Mitesh J. Borad, MD, oncologist, Department of Medical Oncology, Mayo Clinic Comprehensive Cancer Center, discusses the unique mechanism of action of next-generation FGFR inhibitors like KIN-3248 and their potential effect on patient outcomes in cholangiocarcinoma and urothelial cancer.

The next-generation FGFR inhibitor KIN-3248 is of particular interest for intrahepatic cholangiocarcinoma and urothelial cancer, as FGFR alterations are common in these tumor types, Borad continues. The safety and preliminary efficacy of this agent is under investigation in the phase 1 KN-4802 trial (NCT05242822) of advanced solid tumors harboring FGFR2 and FGFR3 gene alterations. KN-4802 is a two-part study and consists of a dose-escalation followed by a planned dose-expansion cohort. The trial is open to enrollment and is expected to enroll approximately 120 patients.

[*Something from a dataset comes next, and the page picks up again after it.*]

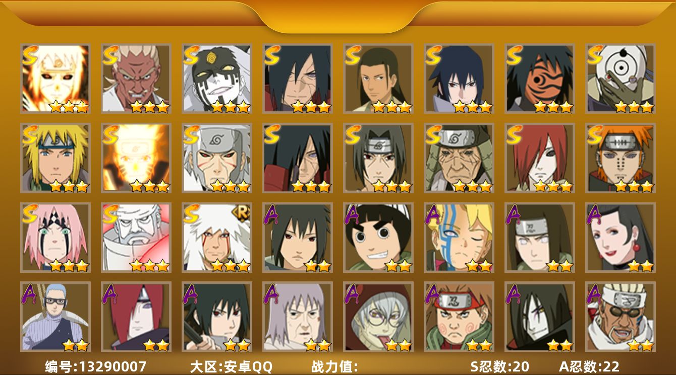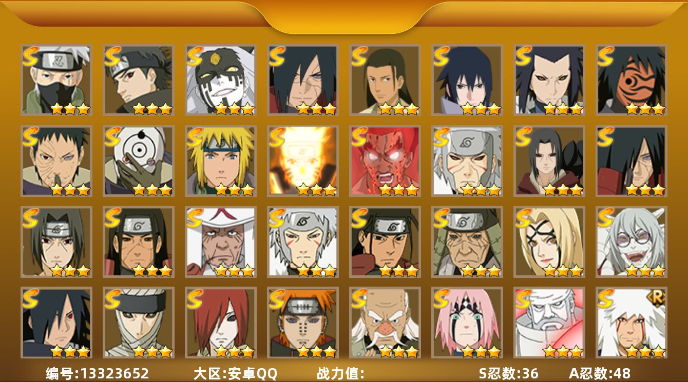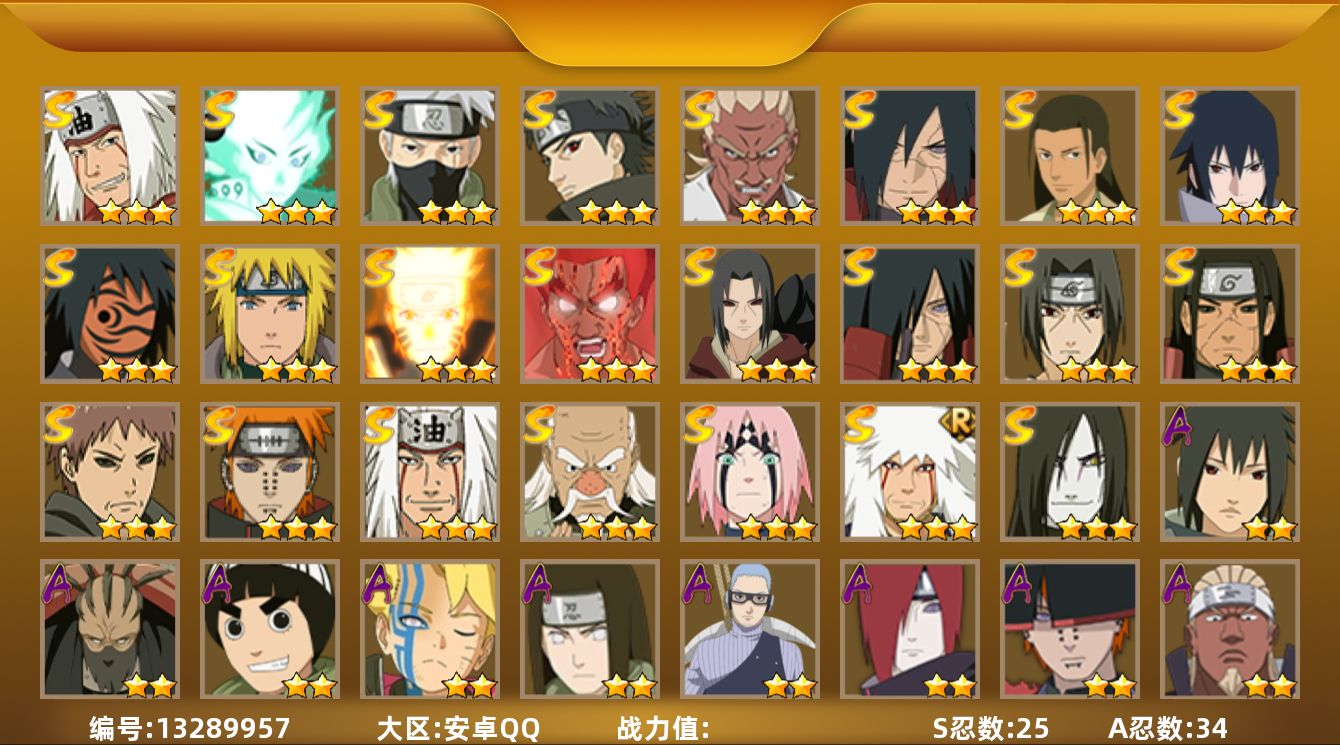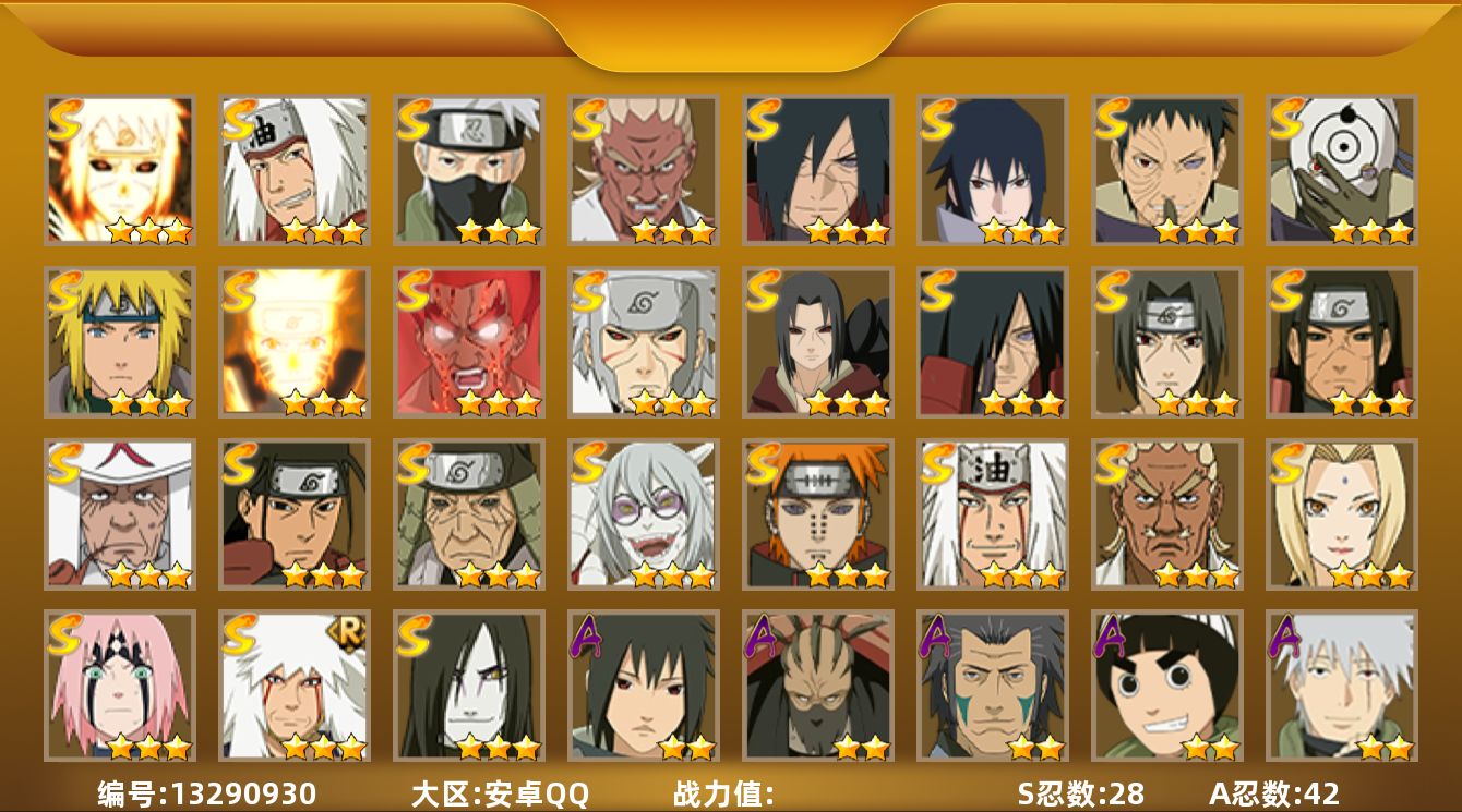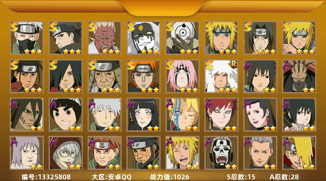 [13325808]v101026w战力,15s级忍者数-28a级忍者数,1w金币,32高招券,日斩72片,金水门70片,秽土解斑69片,三代目风影65片,最终章舍人80片,有熊猫等。me1793 【s级忍者】:猿飞日斩「秽土转生」3星,波风水门「秽土转生」3星,春野樱「忍界大战」3星,艾「忍界大战」3星,宇智波鼬「须佐能乎」3星,宇智波止水「须佐能乎」3星,旗木卡卡西「须佐能乎」3星,自来也「舞之豪杰」3星,自来也「传说中的三忍」3星,千手柱间3星,宇智波斑3星,波风水门3星,佩恩「天道」3星,宇智波斑 「白面具」3星宇智波斑「白面具」,大筒木桃式3星 【a级忍者】:波风水门「新春限定」2星,达鲁伊「博人传」2星,迪达拉2星,飞段2星,飞段「死司凭血」2星,干柿鬼鲛5星,漩涡博人「桃式显现」2星,迈特凯5星,旗木卡卡西「幻之真容」2星,桃地再不斩「秽土转生」2星,我爱罗「疾风传」2星,我爱罗「新春限定」2星,蝎3星,蝎「绯流琥」2星,角都「秽土转生」2星,猿飞阿斯玛5星,猿飞阿斯玛「秽土转生」2星,宇智波鼬2星,宇智波佐助「须佐能乎」2星,药师兜「半蛇斗篷」2星,日向雏田「最终章」2星,李洛克「忍界大战」2星,秋道丁次「忍界大战」2星,千代「近松十人卫」2星,神农「羁绊」2星,不缘2星,宇智波泉奈2星,大野木「侠隐江湖」2星

Researchers hope that these early phase trials will provide a broader array of targeted treatments for patients with these tumor types and address several limitations associated with early FGFR inhibitors.

Acquired resistance to FGFR inhibitors often results from on-target polyclonal mutations, which prevents the agents from binding to the ATP active site and inhibiting the protein, Borad begins. Unlike early FGFR inhibitors, next-generation FGFR inhibitors are designed to bind at non-mutated sites in the ATP-binding pocket, thereby successfully inhibiting the protein, he explains.

Currently, around 30% of patients achieve responses for up to 6 or 7 months with available inhibitors. Future-generation inhibitors may increase the proportion and durability of these responses.

Moreover, current FGFR inhibitors are associated with increased toxicities, as these agents can bind to FGFR1, FGFR2, and FGFR3 receptors. Targeting FGFR alterations that are not related to the specific tumor mutation will not confer resistance and instead leads to off-target effects. Therefore, more selective agents are needed to reduce these toxicities in patients with specific alterations or fusions, Borad concludes.